◆ Task description
The records that follow are to be copied word for word. Pictures should be omitted.

Source data Start Marker

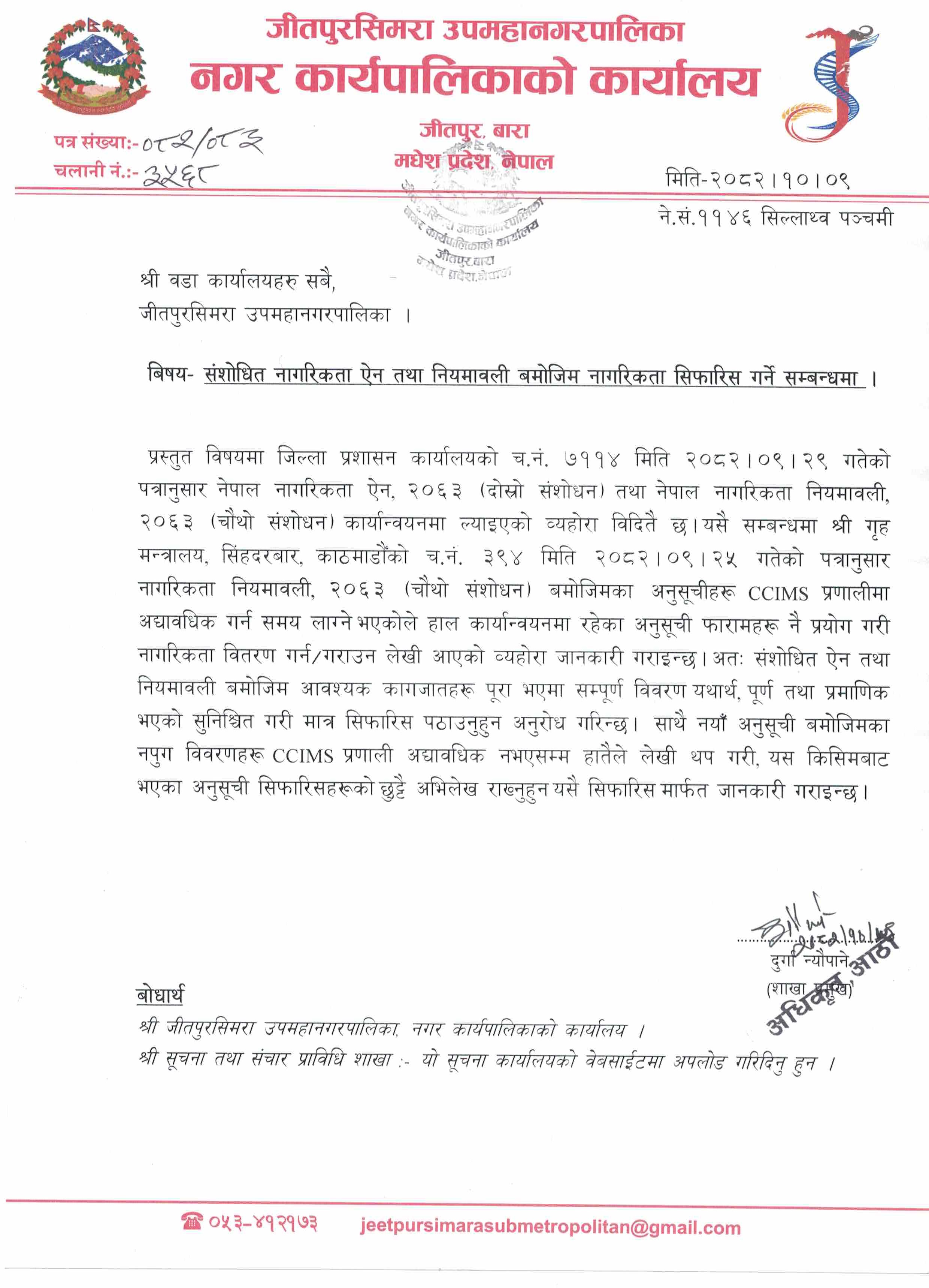 » श्री वडा कार्यालयहरु सबै, संशोधित नागरिकता ऐन तथा नियमावली बमोजिम नागरिकता सिफारिस गर्ने सम्बन्धी सूचना ।
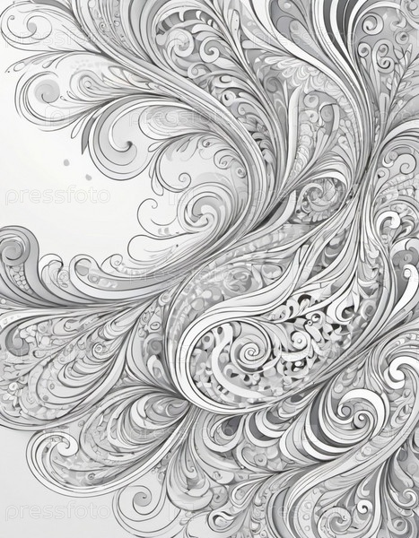 Узор с закрученными, цветочными формами. Дизайн оттенков серого, создавая визуально привлекательный и текстурированный фон. Сложные детали и органические кривые добавляют ощущение движения и текучести. ИИ
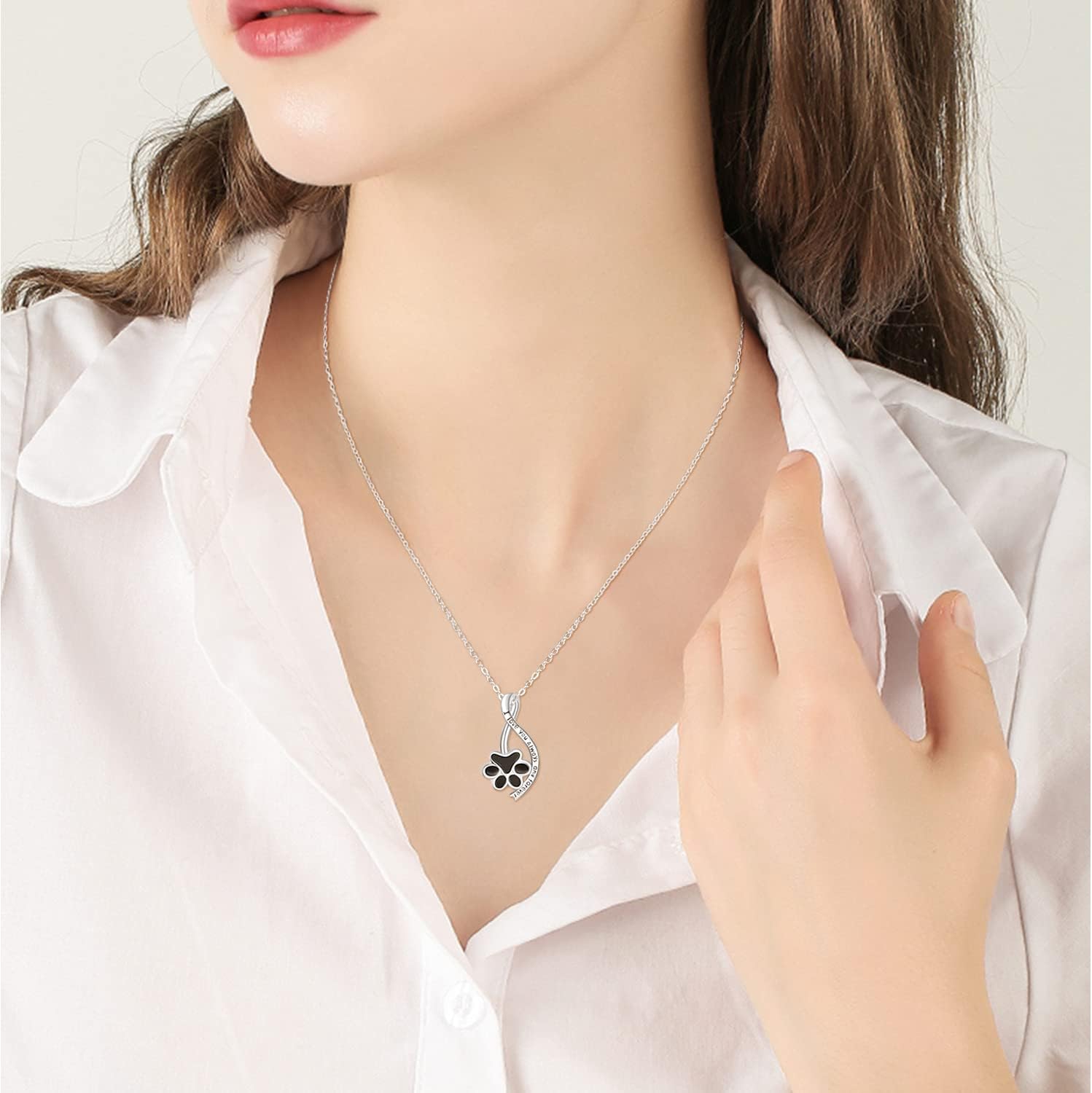 Dreamboat Urn Necklace for Dog Cat Ashes 925 Sterling Silver Pet Cremation Memorial Pendant Paw Print Ash Keepsake Jewelry for Women
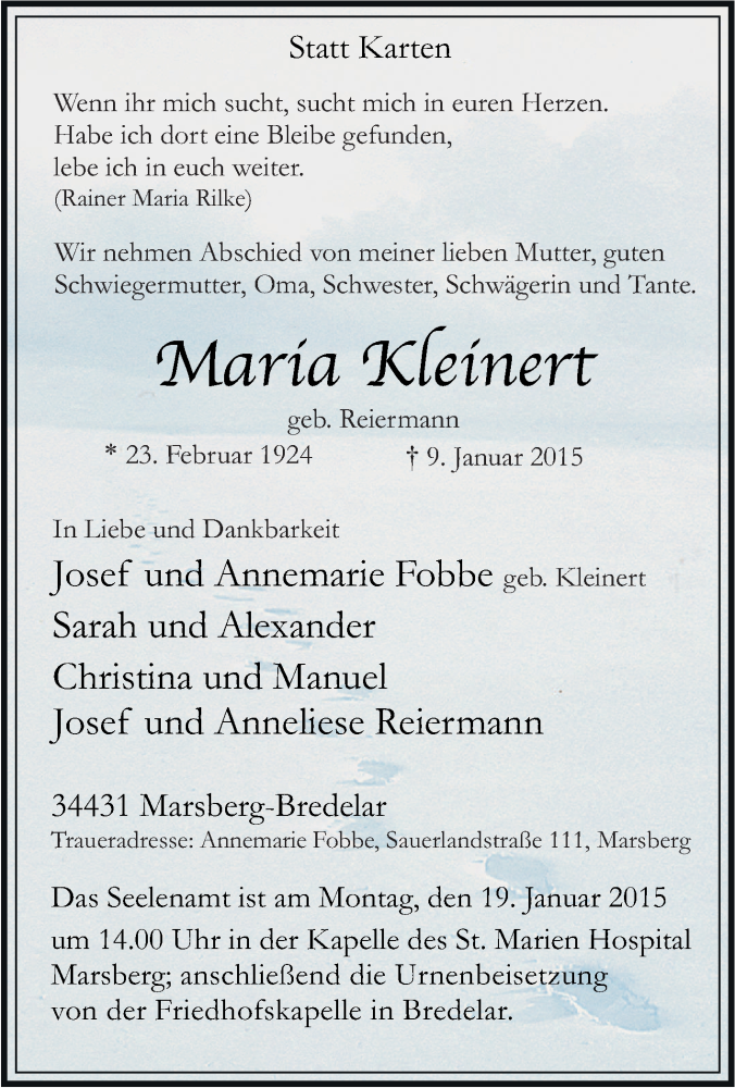 Hier finden Sie alle Traueranzeigen aus der Zeitung, die bisher für Maria Kleinert erschienen sind. Weitere Traueranzeigen, die in der Zeitung erscheinen, werden hier ebenfalls aufgelistet
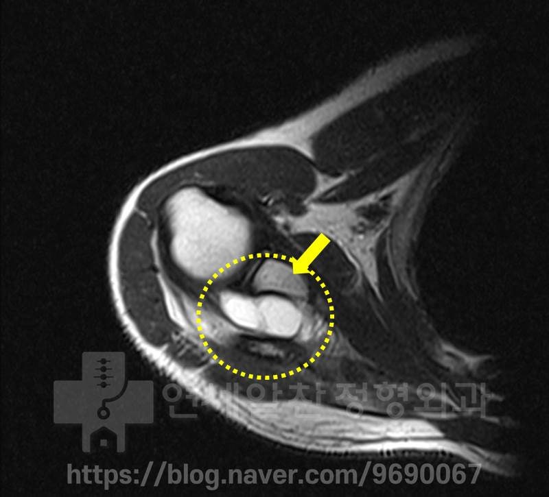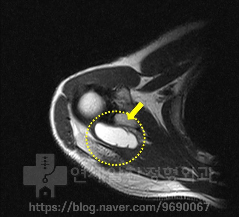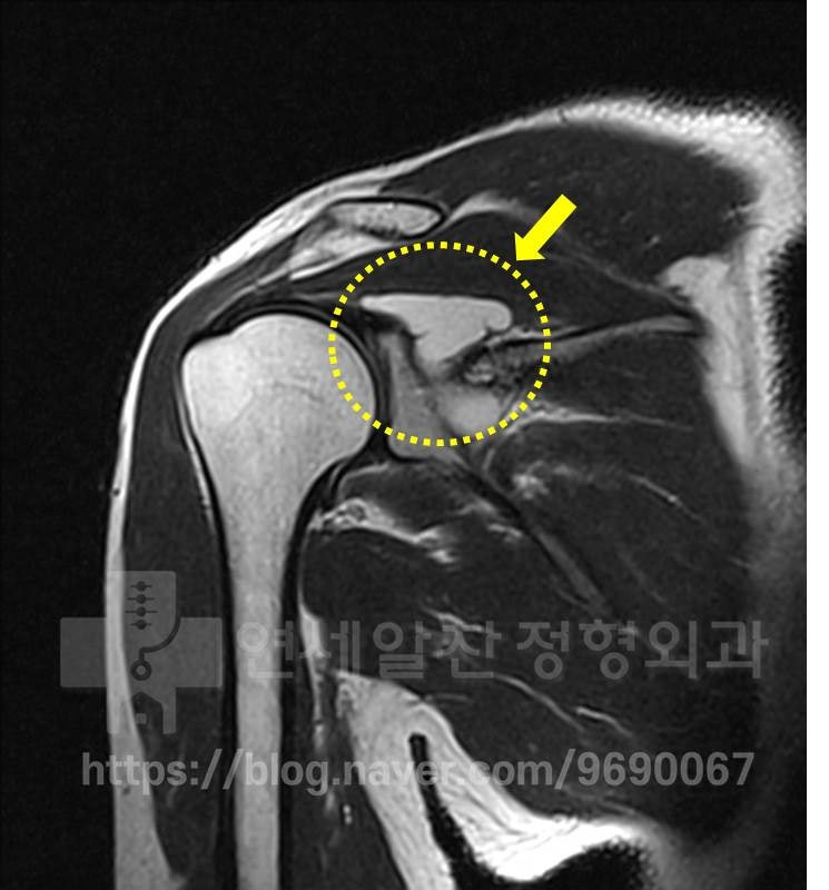 노란색 원형으로 표시된 부위의 하얀색 부위가 어깨 물혹입니다. 아주 커다란 어깨 물혹이 관찰됩니다. 하지만 관절와순의 손상은 관찰되지 않았습니다..
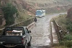 It had been completely renovated in 2012.[1] N35 paved from N7 to Ambatofinandrahana. Unpaved with 2 broken bridges requiring temporary repairs to traverse to Itremo. Bridge at Itremo impassable by vehicle. From Malaimbandy to Mandrosonoro unpaved except for a paved section a few kilometers with one section of road only difficultly traversable by 4 wheel drive vehicle or motorcycle. This information is based on personal experience with the road in June 2015.

Source data End Marker

◆ Written solution
 » श्री वडा कार्यालयहरु सबै, संशोधित नागरिकता ऐन तथा नियमावली बमोजिम नागरिकता सिफारिस गर्ने सम्बन्धी सूचना ।
 Узор с закрученными, цветочными формами. Дизайн оттенков серого, создавая визуально привлекательный и текстурированный фон. Сложные детали и органические кривые добавляют ощущение движения и текучести. ИИ
 Dreamboat Urn Necklace for Dog Cat Ashes 925 Sterling Silver Pet Cremation Memorial Pendant Paw Print Ash Keepsake Jewelry for Women
 Hier finden Sie alle Traueranzeigen aus der Zeitung, die bisher für Maria Kleinert erschienen sind. Weitere Traueranzeigen, die in der Zeitung erscheinen, werden hier ebenfalls aufgelistet
 노란색 원형으로 표시된 부위의 하얀색 부위가 어깨 물혹입니다. 아주 커다란 어깨 물혹이 관찰됩니다. 하지만 관절와순의 손상은 관찰되지 않았습니다..
 It had been completely renovated in 2012.[1] N35 paved from N7 to Ambatofinandrahana. Unpaved with 2 broken bridges requiring temporary repairs to traverse to Itremo. Bridge at Itremo impassable by vehicle. From Malaimbandy to Mandrosonoro unpaved except for a paved section a few kilometers with one section of road only difficultly traversable by 4 wheel drive vehicle or motorcycle. This information is based on personal experience with the road in June 2015.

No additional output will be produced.